Santa gives his reindeer a rest when he heads down under and uses “six white boomers” — also known as kangaroos — instead. In the hot summer sunshine, Christmas dinner routinely consists of shrimp on the barbecue and fresh seafood.
And what do roller skates have to do with Christmas? If you happen to be in Caracas, Venezuela, on Christmas morning, they’re considered the most efficient way to get to mass. Many neighborhoods close their streets to cars until 8 a.m., and loyal worshippers strap on their wheels and ride to church. Before bedtime the night before, children will tie a piece of string to their toe and dangle the long end out the window. The next morning, passing skaters give the string a tug so the children won’t miss the derby.

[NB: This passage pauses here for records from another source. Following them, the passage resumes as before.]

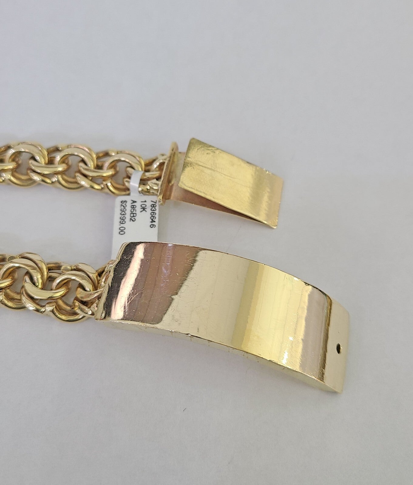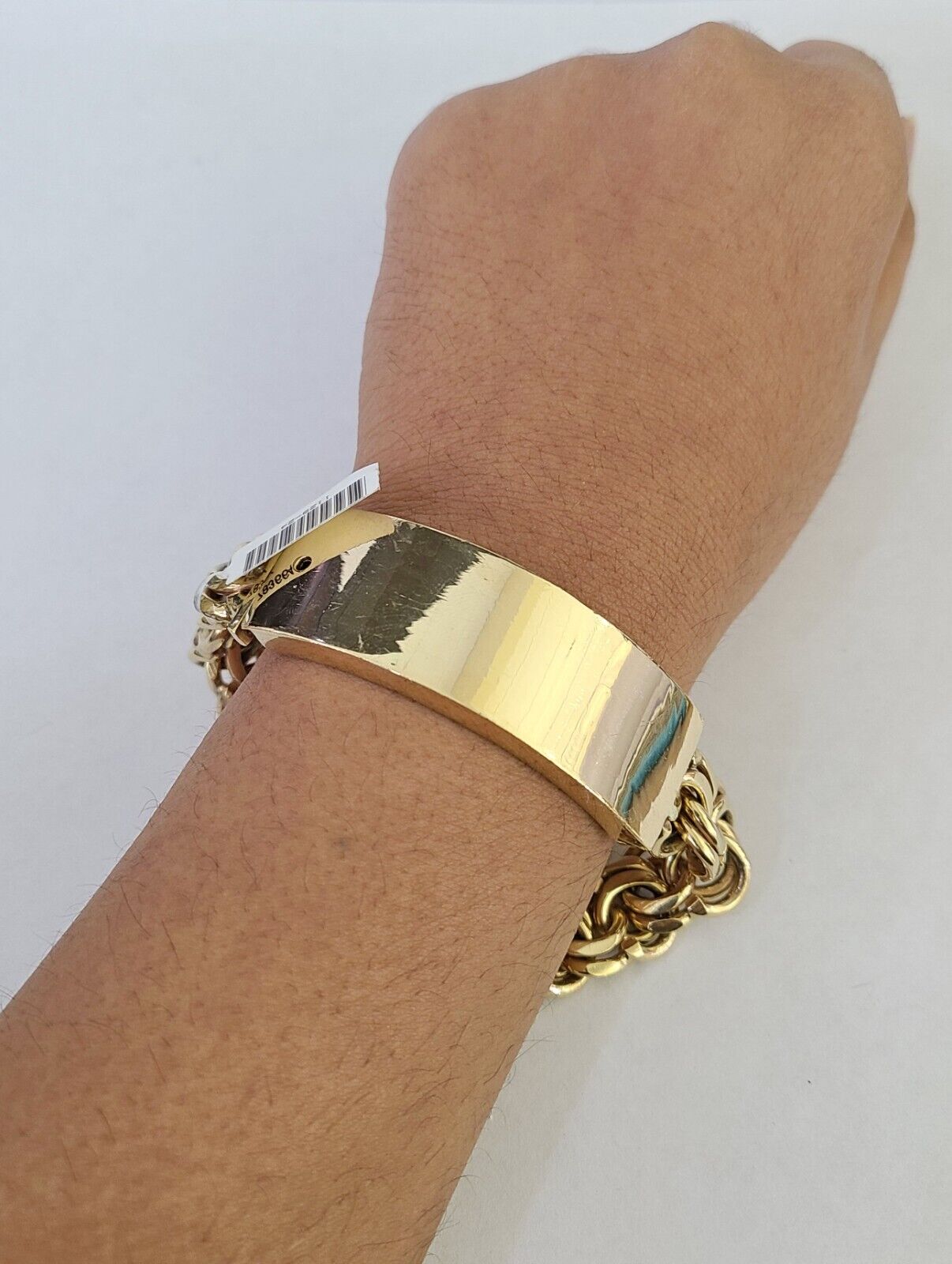 Real Solid 10kt Gold Chino ID Name Plate Bracelet 14mm 8.5'' Inch 10k SALE NEW
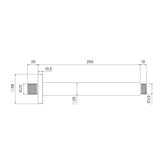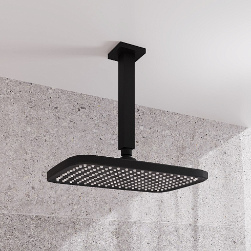 Черный матовый потолочный кронштейн для верхней душевой лейки. Квадратные формы, длина 200 мм.
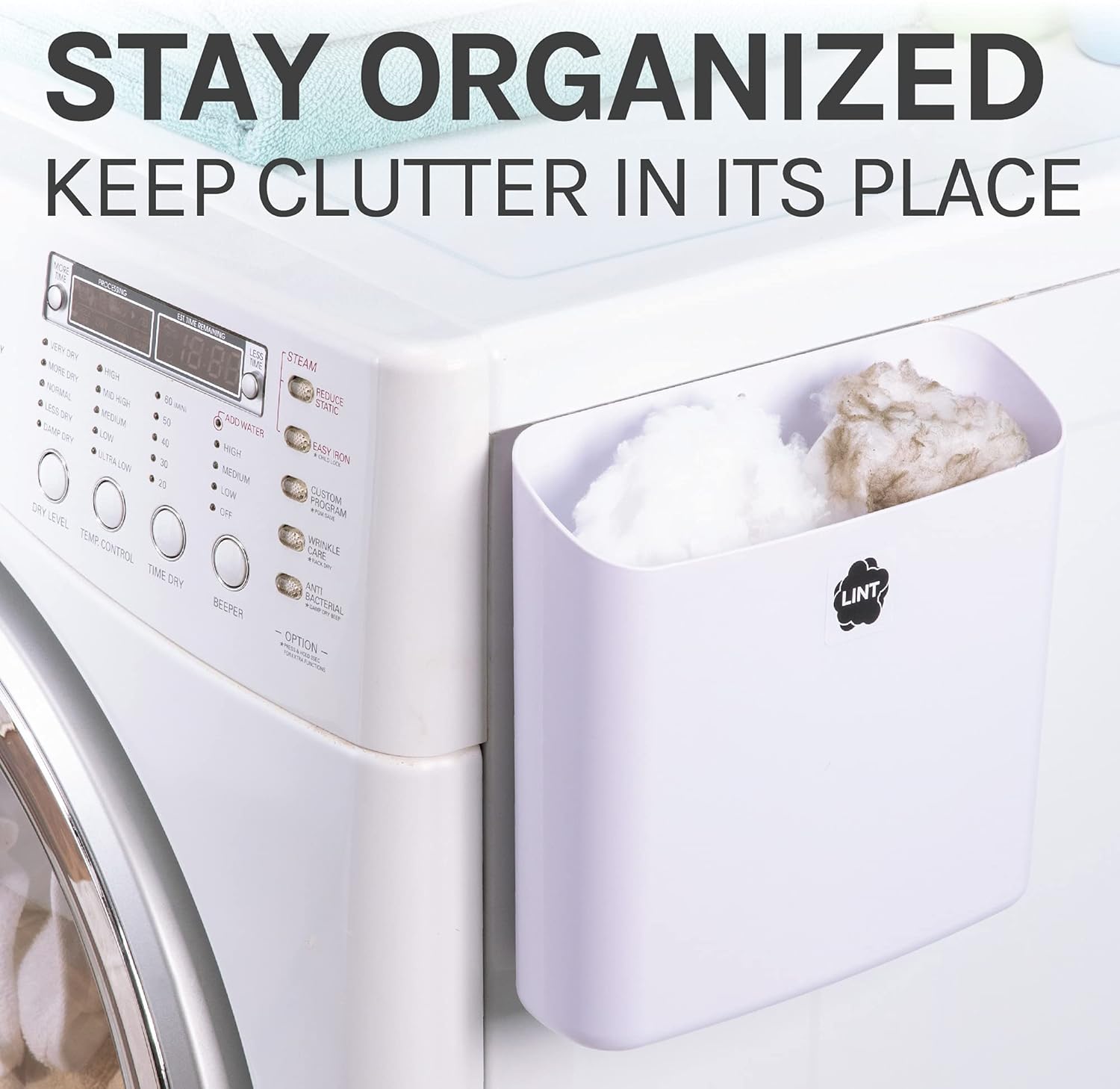 - These space saving multi-purpose bins are not just for lint! Attach it to your washer and use as a receptacle for your washable facemasks or mismatched socks. Load up with office and school supplies for your student and home office. These bins are the perfect spot to collect plastic grocery bags. Plus, you can use a plastic grocery bag in the large bin as a trash liner for lint and dryer sheets. Simply pull out, tie up and it's ready for the trash while keeping your lint bin looking clean!

In some parts of former Yugoslavia, families have developed a great way to show brotherly love. As Christmas approaches, parents tie their children up until they promise to be good. The following Sunday, the children break that promise and tie up their mothers until she gives them treats and toys. Finally, it’s Dad’s turn, and he is bound until he relinquishes yet another set of gifts — usually the family Christmas presents (this is the only country that openly admits to tying up their young during the holidays.)
It’s best not to mention the figurine of the pooping peasant that you can find hidden somewhere in most Spanish homes during the holidays. Don’t give him away as a gift, but if you come across him in someone’s house, you’re considered lucky.
And in America, it’s all about entertainment. In 2012, Fandango broke a box office record with best-ever, single-day ticket sales on Christmas Day. Holiday entertainment is important to Americans. From TBS’s “A Christmas Story” marathon to the holiday prime time classics with Frosty and Rudolph, it’s no surprise that much of American tradition is wrapped up in entertainment.
And watch out or you just might find yourself on Dec. 24 parked in front of a television in a last minute gift-wrapping frenzy, reliving the classic tale of George Bailey and Clarence in “It’s A Wonderful Life.”
Not a bad way to wind down at the end of crazy holiday season.